▶ REQUIRED ACTION: Please print the full listing below exactly, but not the pictures in it.

▶ SUPPLIED DATA:
- - -

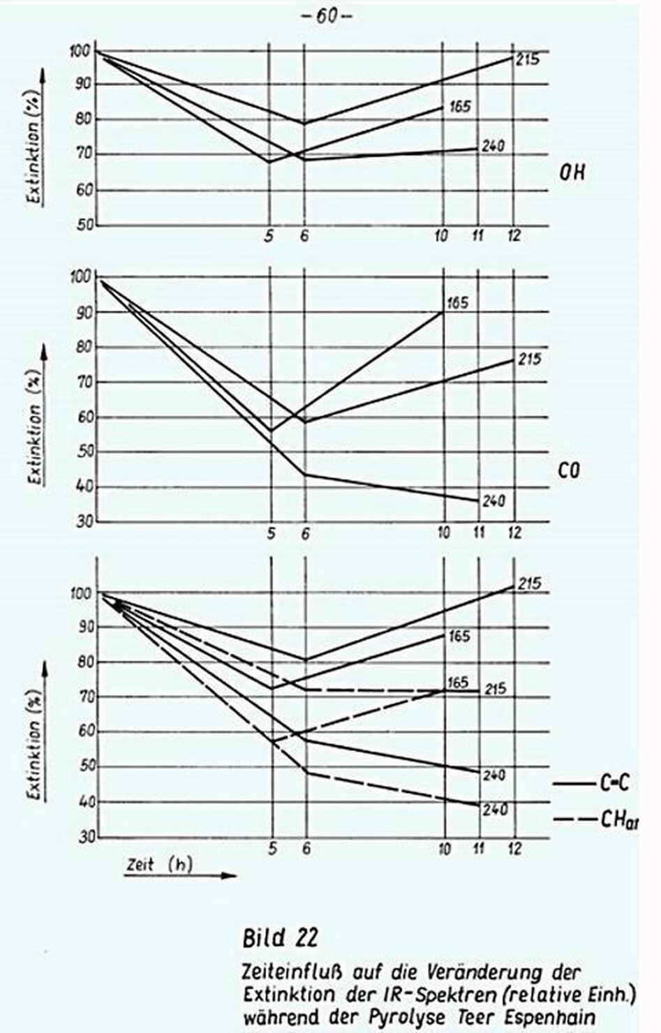 Die Extinktion einer Bande ist keine Größe, aus der auf die Konzentration der betreffenden Molekülfragmente direkt geschlossen werden kann. Die Veränderung der Extinktion zeigt nur eine qualitative Zu-oder-Abnahme der Konzentration der Molekülfragmente. Die Bilder 21 und 22 zeigen die Veränderung der ausgewerteten Banden, sowie der Elementaranalysen von Espenhainer Teer in Abhängigkeit von der Pyrolysetemperatur nach 5 - 6 bzw. 10 - 12 Stunden Reaktionszeit. Auf Bild 22 ist der Einfluss der Reaktionszeit herausgestellt. Der erwartete Einfluss der Pyrolysetemperatur und -zeit auf die Extinktion ist sichtbar.
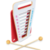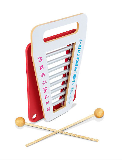 Confeccionado em madeira, metal e M.D.F. Composto por 8 tubos sonoros em metal. Base pintada com tinta atóxica. Acompanha 2 baquetas de madeira medindo 17 cm. Metalofone medindo: 23 x 37 x 4 cm. Embalagem: Película de P.V.C. encolhível.
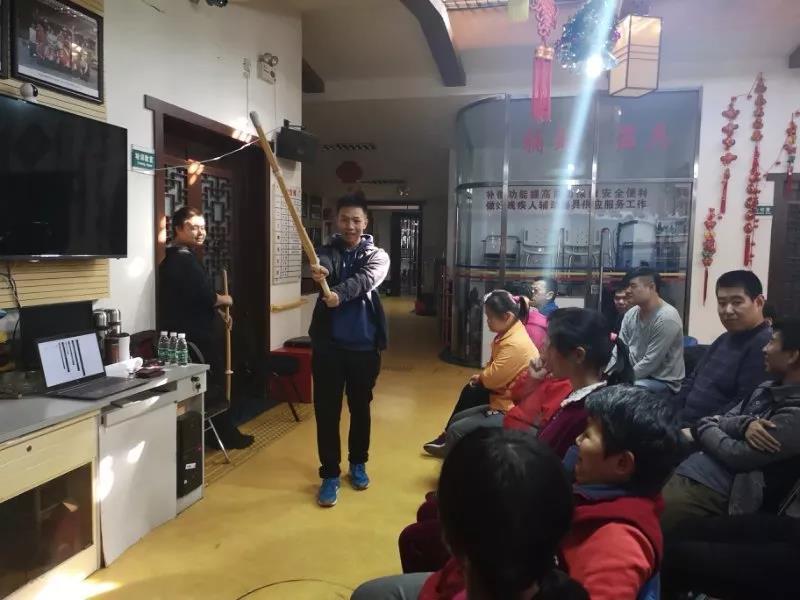 古建181班的陈鸿宇、杨宇轩同学顺利地到达护国寺宣讲地点,他们绘声绘色地讲起武士刀和剑道,残疾人朋友虽然对这两方面没有什么了解,但可以看得出来,他们对这个主题很感兴趣。在场的残疾人朋友们无不被两位同员工动形象的讲解所惊艳,起了大家的共鸣,纷纷加入讨论之中,看的出来大家都很开心。

- - -

▶ RESPONSE TO THE EXERCISE:
 Die Extinktion einer Bande ist keine Größe, aus der auf die Konzentration der betreffenden Molekülfragmente direkt geschlossen werden kann. Die Veränderung der Extinktion zeigt nur eine qualitative Zu-oder-Abnahme der Konzentration der Molekülfragmente. Die Bilder 21 und 22 zeigen die Veränderung der ausgewerteten Banden, sowie der Elementaranalysen von Espenhainer Teer in Abhängigkeit von der Pyrolysetemperatur nach 5 - 6 bzw. 10 - 12 Stunden Reaktionszeit. Auf Bild 22 ist der Einfluss der Reaktionszeit herausgestellt. Der erwartete Einfluss der Pyrolysetemperatur und -zeit auf die Extinktion ist sichtbar.
 Confeccionado em madeira, metal e M.D.F. Composto por 8 tubos sonoros em metal. Base pintada com tinta atóxica. Acompanha 2 baquetas de madeira medindo 17 cm. Metalofone medindo: 23 x 37 x 4 cm. Embalagem: Película de P.V.C. encolhível.
 古建181班的陈鸿宇、杨宇轩同学顺利地到达护国寺宣讲地点,他们绘声绘色地讲起武士刀和剑道,残疾人朋友虽然对这两方面没有什么了解,但可以看得出来,他们对这个主题很感兴趣。在场的残疾人朋友们无不被两位同员工动形象的讲解所惊艳,起了大家的共鸣,纷纷加入讨论之中,看的出来大家都很开心。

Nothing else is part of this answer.